Methods for Calculating the Resistance of Grounding Devices with Backfilling Special Compositions
Traditional analytical methods for calculating and designing of grounding devices (GDs) in heterogeneous soils can lead to results that do not correspond to those obtained in practice. The empirical coefficients used in calculations of grounding systems given in various literature sources do not always give an explicable and significant discrepancy with the same initial data. In this paper, some well-known methods for calculating the spreading resistance of GDs are considered and the obtained results are compared with experimental data.
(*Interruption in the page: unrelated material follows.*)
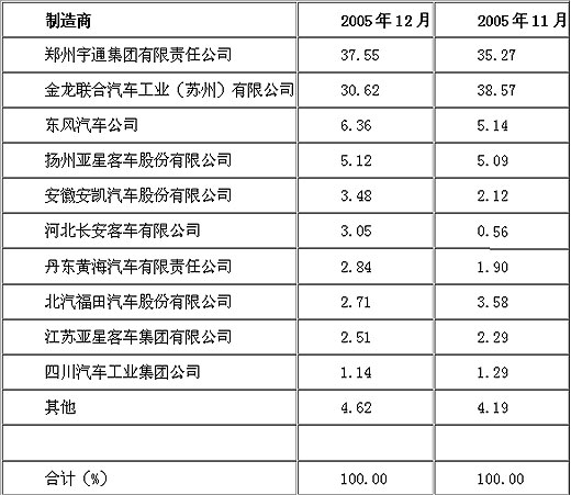 2005年1-12月份,前十名中型客车制造商的市场集中度达到93.79%。其中,前五名中型客车制造商,金龙联合汽车工业(苏州)有限公司、郑州宇通集团有限责任公司、扬州亚星客车股份有限公司、安徽安凯汽车股份有限公司和江苏亚星客车集团有限公司的市场集中度达到77.24%。
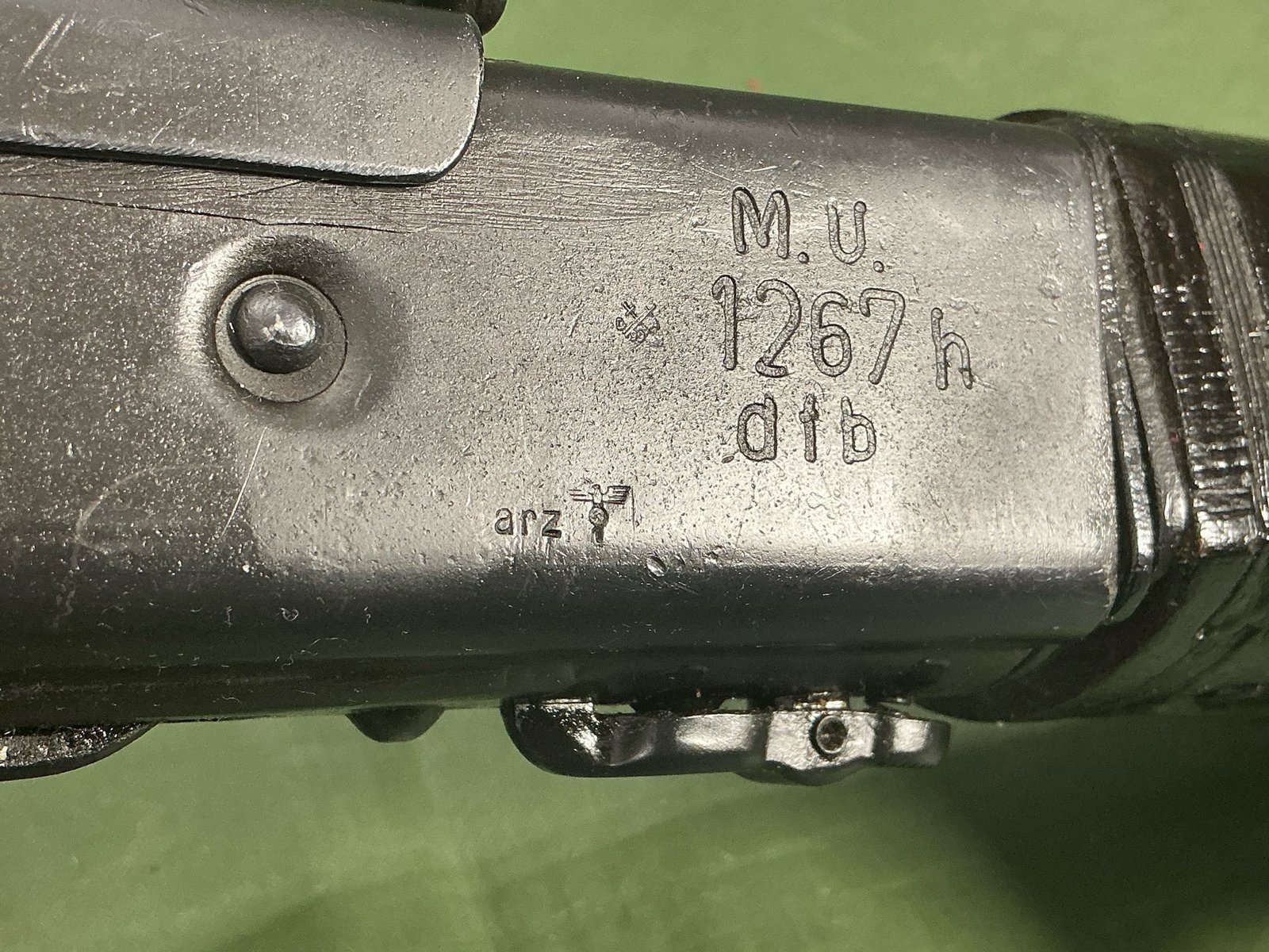 World War II German classic ,the MG 42 machine gun, this example is manufacturing coded ‘dfb’ for the Gustloff werke factory and date coded ‘MU’ for 1944 has matching numbers to receiver and top cover with several eagle swastika stamps and waffenampts,cocks, strips and dry fires comes complete with GB deactivation certificate dated 1999.

It is shown that the recommendations and algorithms for calculating the resistance of GDs, presented in the well-known reference literature and regulatory documentation, do not give full and correct description for grounding devices installed in heterogeneous soil. In particular, it is shown that such a factor as the proportional ratio of soils with different resistivity practically does not affect the final result. This fact may mislead specialists, since the results obtained may differ significantly from what is observed in practice after the installation of GDs. The study proposes a calculation method and shows a fairly good convergence of the results with experimental data, and defines a further direction in optimizing calculation methods GDs.